Gonzales is spearheading opposition to a proposed 600-megawatt generating facility in Coyote Valley because of its proximity to a residential area at the site of a planned Cisco Systems office complex.

"There's plenty of opportunities to generate power in the city," he said. "This project is just in the wrong site."

The matter is now in the hands of the California Energy Commission, which is expected to issue a ruling by May.

Cisco, critics say, twisted the mayor's arm to fight the plant because it did not want a generating facility in its neighborhood. The area will be home to thousands of well-heeled tech workers.

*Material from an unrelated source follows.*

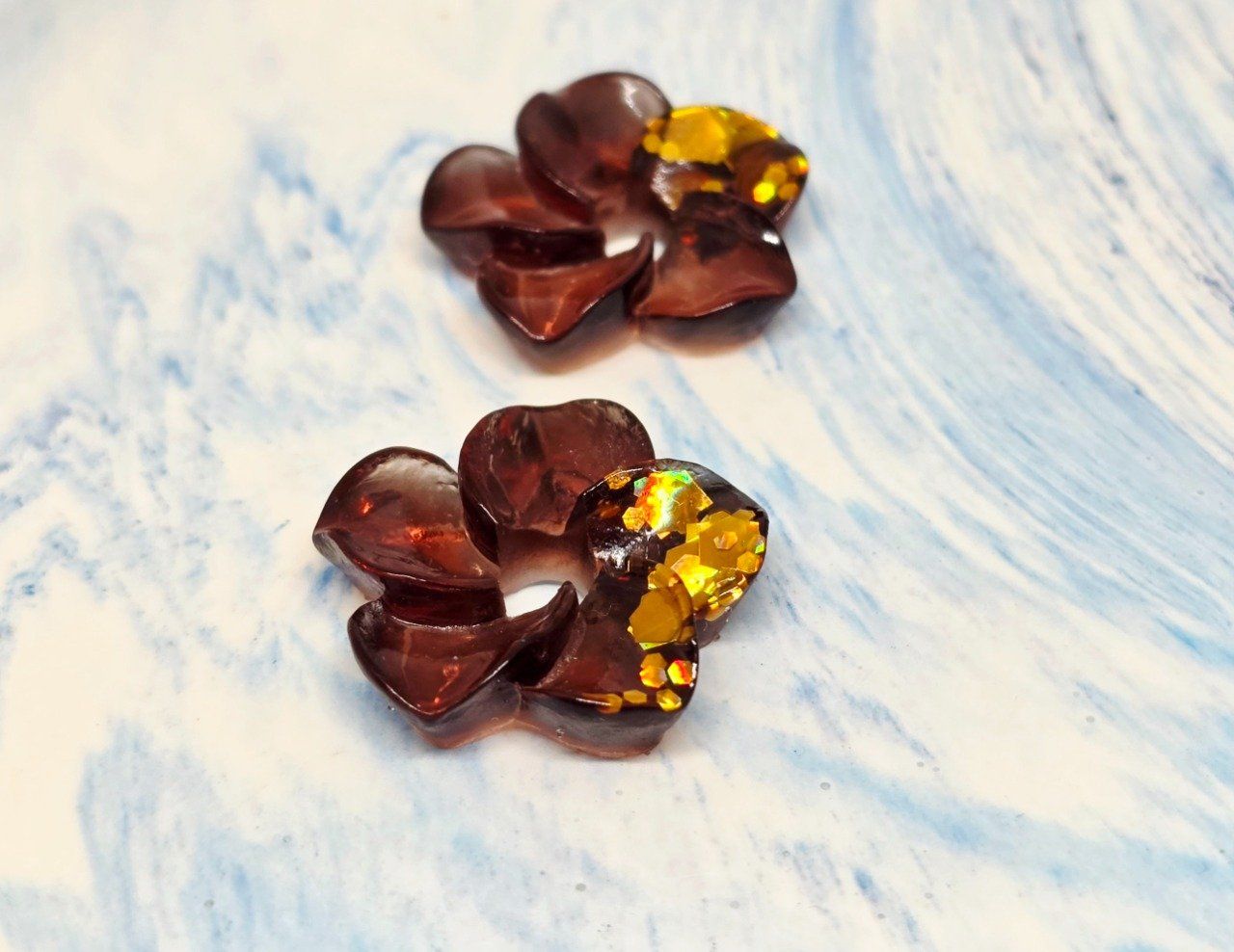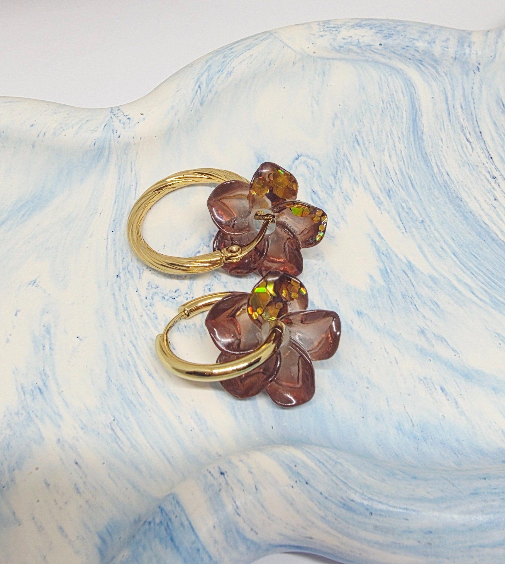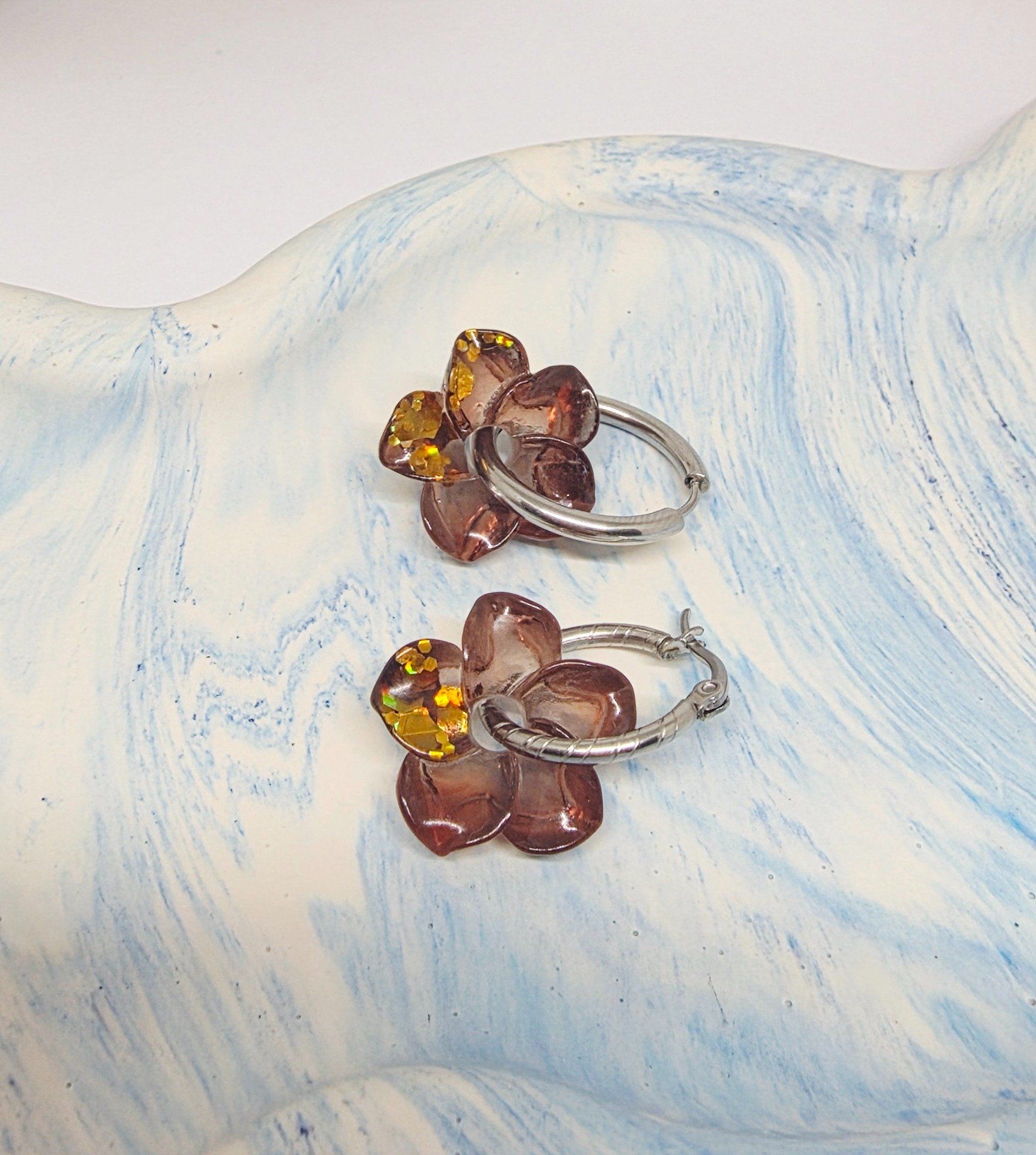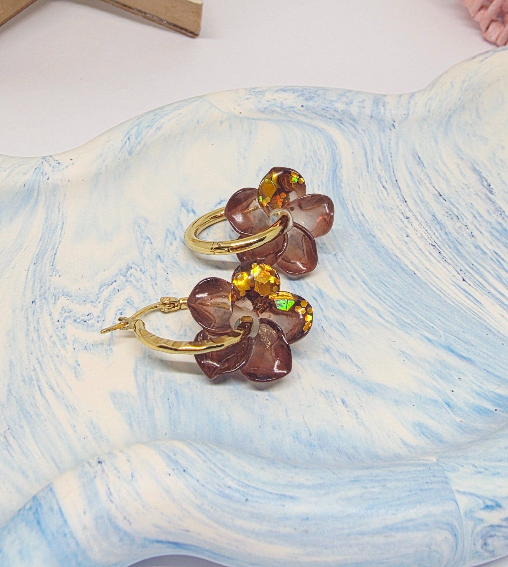 Lot de 2 Pampilles, Elena, en forme de fleur de tiaré, en résine époxy marron translucide avec des incrustationsde paillettes dorées, compatibles avec tous les modèles de créoles.

"It's politics," said Breon at the Audubon Society. "City officials are making political decisions rather than good planning decisions."

Ted Smith, executive director of the Silicon Valley Toxics Coalition, a grassroots organization, is calling for a moratorium on construction of all new server farms in the South Bay until sufficient power can be found to keep them running.

"Until they figure out how to build these things without draining the electricity grid even dryer it is, they shouldn't build them," he said.

"The Internet industry is creating unintended consequences that will really screw up our future," Smith added. "They are so busy focusing on next quarter's profits that they don't stop and think about the consequences." .

-------------------------------------------------------------------------------- . SOME FAST FACTS ABOUT 'SERVER FARMS' . -- What are they? "Server farms" are facilities dedicated exclusively to housing powerful computers for Internet use.

-- Who uses them? Companies and individuals pay server farms to maintain their Web sites, handle Net traffic and store vast amounts of data -- functions that otherwise would require extensive hardware and technical support.

-- Why do they use them? As Internet use explodes, server farms play an increasingly vital role in managing data and keeping information moving.

-- What's the problem? Server farms drain considerable amounts of electricity to keep running.